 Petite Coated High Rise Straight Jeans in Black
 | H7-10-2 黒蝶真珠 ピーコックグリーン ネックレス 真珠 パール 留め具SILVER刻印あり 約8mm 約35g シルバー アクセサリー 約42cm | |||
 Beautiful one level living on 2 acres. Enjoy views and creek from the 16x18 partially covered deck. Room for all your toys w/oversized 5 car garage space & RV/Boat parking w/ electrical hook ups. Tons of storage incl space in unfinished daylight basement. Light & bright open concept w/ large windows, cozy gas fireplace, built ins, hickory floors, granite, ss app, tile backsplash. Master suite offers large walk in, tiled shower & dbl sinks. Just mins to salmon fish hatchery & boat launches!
==
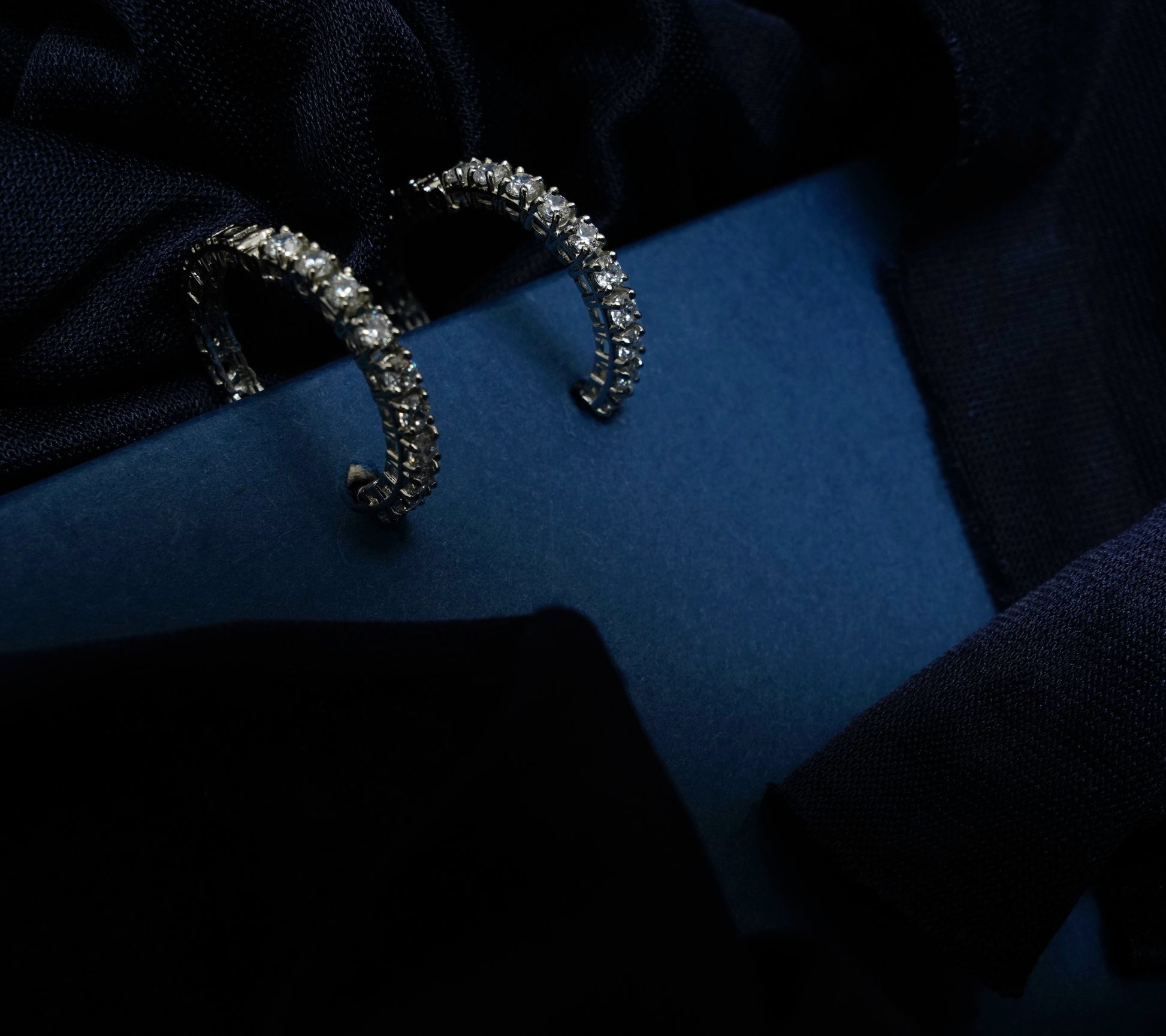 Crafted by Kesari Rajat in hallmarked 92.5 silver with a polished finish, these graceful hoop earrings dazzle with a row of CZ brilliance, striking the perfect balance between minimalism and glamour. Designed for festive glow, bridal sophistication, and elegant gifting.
* * *
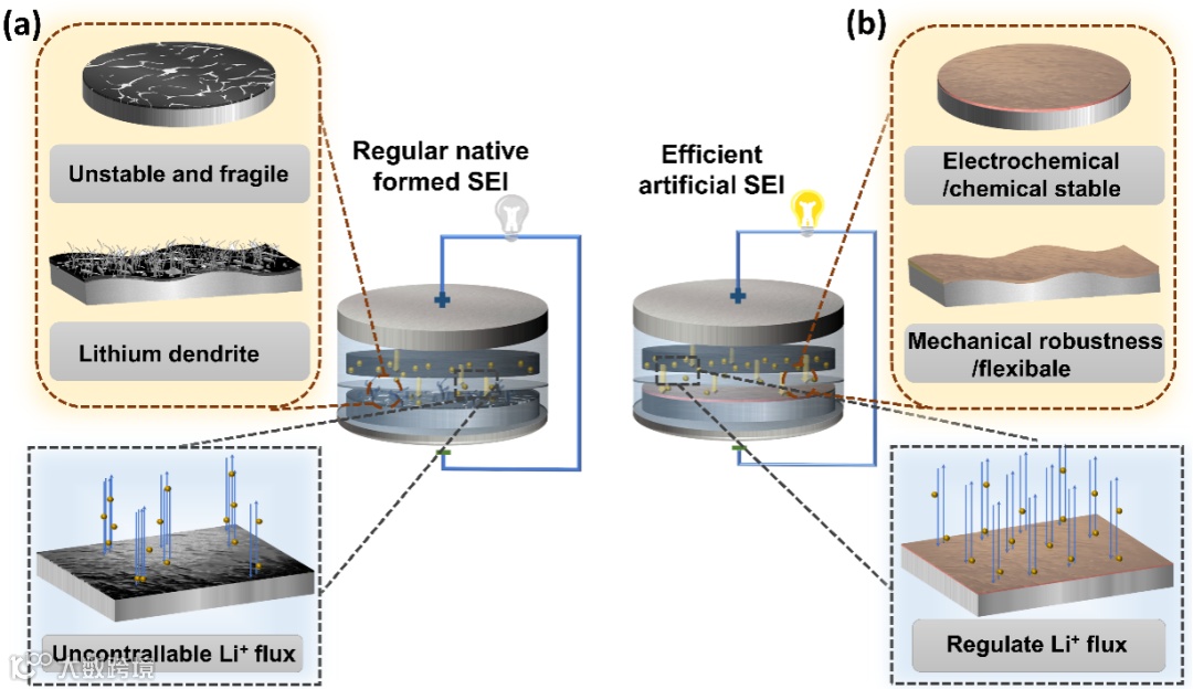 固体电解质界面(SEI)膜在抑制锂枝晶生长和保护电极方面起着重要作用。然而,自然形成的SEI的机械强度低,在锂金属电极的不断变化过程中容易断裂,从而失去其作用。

ACTIVITY:
Once you reach the line with "Petite Coated High" in the data above, copy it and every line after it exactly, up to and including the line with "Beautiful one level".

RESULT OF THIS EXERCISE:
 Petite Coated High Rise Straight Jeans in Black
 | H7-10-2 黒蝶真珠 ピーコックグリーン ネックレス 真珠 パール 留め具SILVER刻印あり 約8mm 約35g シルバー アクセサリー 約42cm | |||
 Beautiful one level living on 2 acres. Enjoy views and creek from the 16x18 partially covered deck. Room for all your toys w/oversized 5 car garage space & RV/Boat parking w/ electrical hook ups. Tons of storage incl space in unfinished daylight basement. Light & bright open concept w/ large windows, cozy gas fireplace, built ins, hickory floors, granite, ss app, tile backsplash. Master suite offers large walk in, tiled shower & dbl sinks. Just mins to salmon fish hatchery & boat launches!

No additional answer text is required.